TOOSTUBBORN2FAIL said:


> It's all dependant on the mastering for each individual album. I have yet to buy a new record that didn't measure better than the cd, a few are very close, others are night and day different.
> 
> Eluveitie's newest album, Origins, shows as 6db on cd, and 14db on vinyl, and I can confirm that that's accurate.


Ofcourse it is. That's some difference, but there are too many "vinyls" that are unfortunately the same loud masters as CD's even if they measure bit more than CD. I have few new vinyls that don't sound any better, while they are listenable I could have saved my money and just used streaming services instead. Most bad ones are dream theater (2013) Album list - Dynamic Range Database 
Don't know if these are different pressing than mine but it's very compressed and lifeless sounding. (yes the cd with it sounds the same) If theres is subtle difference it's the gear and different eq.

And later I read that HD tracks has more dynamic master (will not pay second time to confirm :mean: ) 

Another example Album list - Dynamic Range Database from 2013 

I didn't even bother to needle drop it, this is the all time lowest quality vinyl/cd I have ever bought. Clips audibly, very compressed.. unlistenable.
My copy came with the cd and it equally sounds just as bad. There is nothing wrong with the vinyl pressing itself. This album is good example of extreme compression making the mp3/whatever other codec sound worse than it really should. The CD sounds better played directly. (with all the clipping)

So they look on the database awesome more dynamic by 4 but really isn't.
For these reasons I have not bought more new stuff (if can't confirm) but instead stream it. You get the same "quality" from streamers for monthly fee.


----------



## TOOSTUBBORN2FAIL

Have you ever viewed your rips in audacity?
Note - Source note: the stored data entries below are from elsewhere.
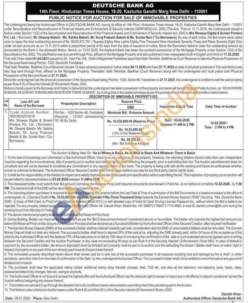 Authorized Officer: Mr. Danish Khan; Mobile No: +91 9999721786 / 01171109563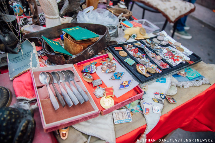 "Я здесь торгую уже третий год, — рассказывает Жанболат Байгалиев, мы тут вместе с напарником Аспандияром работаем. В основном приходят те, кому за 40-50, говорят, могут что-то купить ради воспоминаний об отце или деде. Людям интересна продукция из фарфора, бронзы, винтажные вещи. А сам я по профессии юрист, но семь лет назад мне попался на глаза советский значок, и я заинтересовался. Теперь вы сами видите, до каких масштабов все разрослось.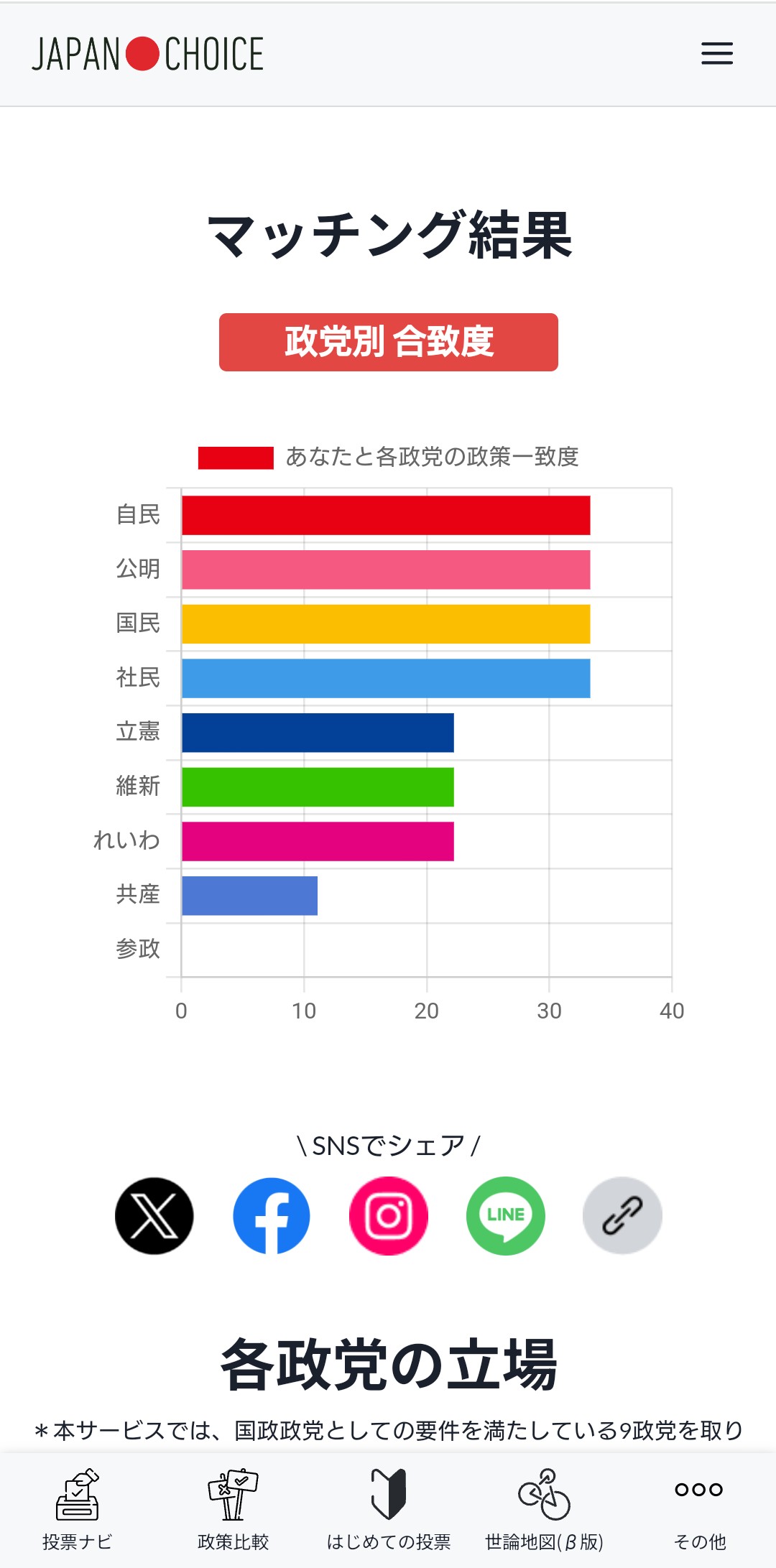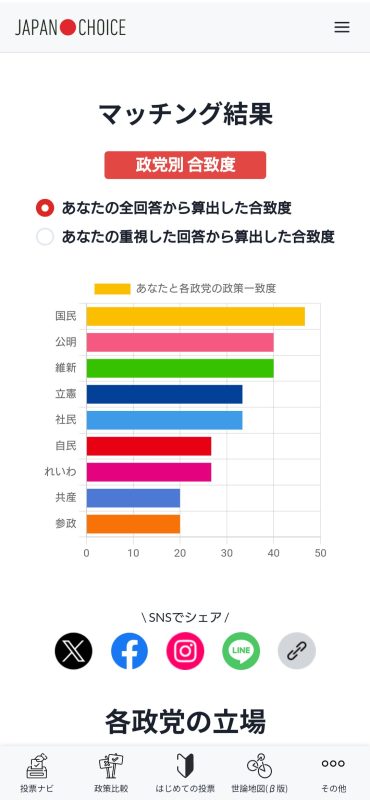 日記/出来事そろそろ期日前投票に行こうと思っていますが、その前に「JAPAN CHOICE」で自分の考えと投票予定の政党が合っているかを参考として確認してみました。「かんたん投票ナビ」と「じっくり投票ナビ」を両方してみました。「じっくり投票ナビ」は質問数が多いので、どれを重点政策にするかによっても結果は変わってくるようです。

It clearly shows when something is compressed more than something else. I have NEVER seen a vinyl rip that was mastered the same as the cd version, but I also don't buy records if I know the cd should be mastered well.

I've also done blind tests and each time, people pick out the records I've ripped as sounding better.


----------



## MikeS

That's what I used for recording. Level is bit lower sure and it seems like theres something more but theres no significant difference in peaks. Actually these LP's sound very quiet and have to be cranked way up because of excess compression they must have dialed them down to get them to vinyl. I would have gotten the exact same quality buying the cd. Some albums have been actually better, more of that is the original press releases used. Old van halen vinyls sound great compared to non remastered cd's which I thought were not that bad at all..
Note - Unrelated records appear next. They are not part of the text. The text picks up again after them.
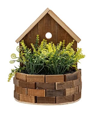 Planta Decorativa De Plástico En Casita De Mdf, 21x27x14 cm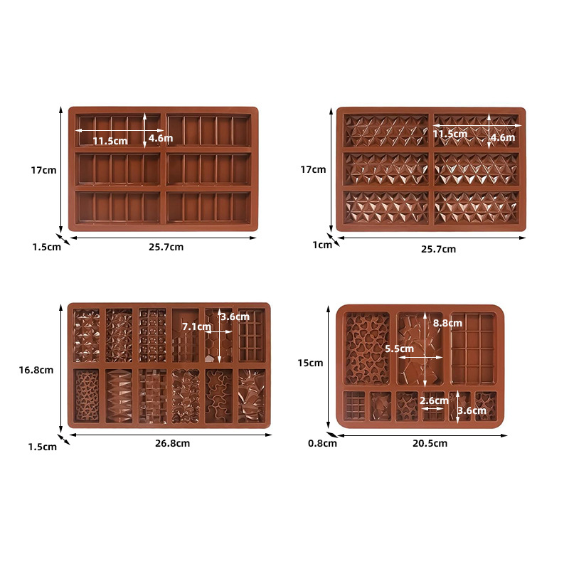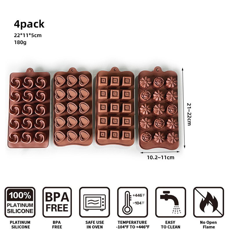 | Colores | Set de 4 piezas de chocolate "Doble Amor" Grupo A,Tulipanes grupo B 4 tipos de flores set de 4 piezas,Grupo C cinco estrellas + corazón + palabra de retorno + rosa cóncava juego de 4 piezas,Grupo D: Rosa en relieve + Corazón + Carácter "Devolución" + 3 Tipos de Flores, Juego de 4 Piezas,E group Dubai 10 rejilla chocolate 2 + raspador set 3 piezas,F Group Dubai Set 2 en 1 Chocolate 2 + Raspador 3 Piezas,H Group Dubai Juego de 6 piezas de chocolate con rejilla 30/60, 2 raspadores y set de 3 piezas.,Juego de 2 cajas de bombones de Dubái con 10 compartimentos,J Group Dubai Set de regalo de chocolate 2 en 1 (2 piezas),K Group Dubai Juego de 2 piezas de chocolate cuadrado 30/60 de 6 piezas,L Group Dubai Molde para chocolate de 6 cavidades y 30 compartimentos, juego de 2 piezas,Molde diamantado de 6 piezas con rascador, juego de 3 piezas.,Conjunto de 2 piezas de bombones tipo waffle de Dubái, grupo N, de 12 unidades.,Set O: Set de Regalo de Chocolate Dubái de 12/6/9 Piezas |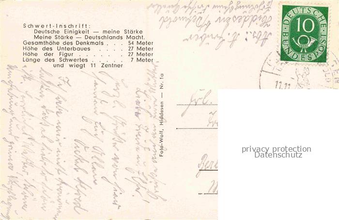 74150467 alte Postkarte DETMOLD Lippe Hermannsdenkmal postalisch gelaufen Erhaltung siehe scans [FriedD77] KatCode: 11110005766020
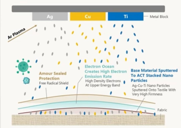 Sputtered with nanoparticles of Ag, Cu and Ti atoms, the ACTife materials can generate a shield of free radical on the surface of the fabric. This microcurrent charged surface is powerful to destroy bacterial cell membrane and proteins in the virus, therefore contributing to the death of bacteria and loss of activities of viruses.

One reason for them to sound better found here if compared with CD player

https://www.youtube.com/watch?v=BhA7Vy3OPbc


----------



## TOOSTUBBORN2FAIL

Hmm. There has been a noticeable difference with every cd to vinyl comparison I've ever done, both listening and in audacity. Yes, the levels on vinyl are lower, but that's not compression. And that can easily be compensated for by using the amplify feature in audacity, as long as you don't clip the transients.

No matter what though, the better mastered version is going to have a lower rms output level, it has to. This is because you can't have both high rms output in a recording, and a high crest ratio, it's impossible. You'll notice this on better mastered cds as well. This is why headroom in a stereo system is so important.

One way to really see the difference is to take audacity, and reduce the rms level of the cd recording, to that of the vinyl recording. Pretty easy to do with the dr database dr tool. Then, both recordings will sound about the same "loudness", but you'll really be able to notice, especially in metal, that the drums are no longer buried in the mix by the guitars. In fact I may throw a couple of these samples up when I have some time.


----------



## MikeS

TOOSTUBBORN2FAIL said:


> Hmm. There has been a noticeable difference with every cd to vinyl comparison I've ever done, both listening and in audacity. Yes, the levels on vinyl are lower, but that's not compression. And that can easily be compensated for by using the amplify feature in audacity, as long as you don't clip the transients.
> 
> No matter what though, the better mastered version is going to have a lower rms output level, it has to. This is because you can't have both high rms output in a recording, and a high crest ratio, it's impossible. You'll notice this on better mastered cds as well. This is why headroom in a stereo system is so important.


Well, the new vinyls that sounded the same as the crushed cd/streaming version play with much lower volume than old dynamic vinyls. You'd think it would be the older that are quieter.. Amplify it and it looks like brick too altough the top of waveform looks slightly better. 
For better mastered cd's I try to buy original pressings used whenever I can find one. For new stuff there is some exceptions ofcourse.

Have you tried to purposedly enable clipping in audacity (just for test) and amplify a really dynamic album so it goes some over while sounding much louder? I tried and could not get the sound as bad as some remasters. :laugh:

Most dynamic LP I've got so far is Alice in chains unplugged music on vinyl pressing. Original series albums are quite good aswell on cd/streamers. 

The DR rating is still not absolute measure, there are few new albums that have industry standard numbers for today and still manage to sound quite good. But I am not going to spend any money for this level of compression..


----------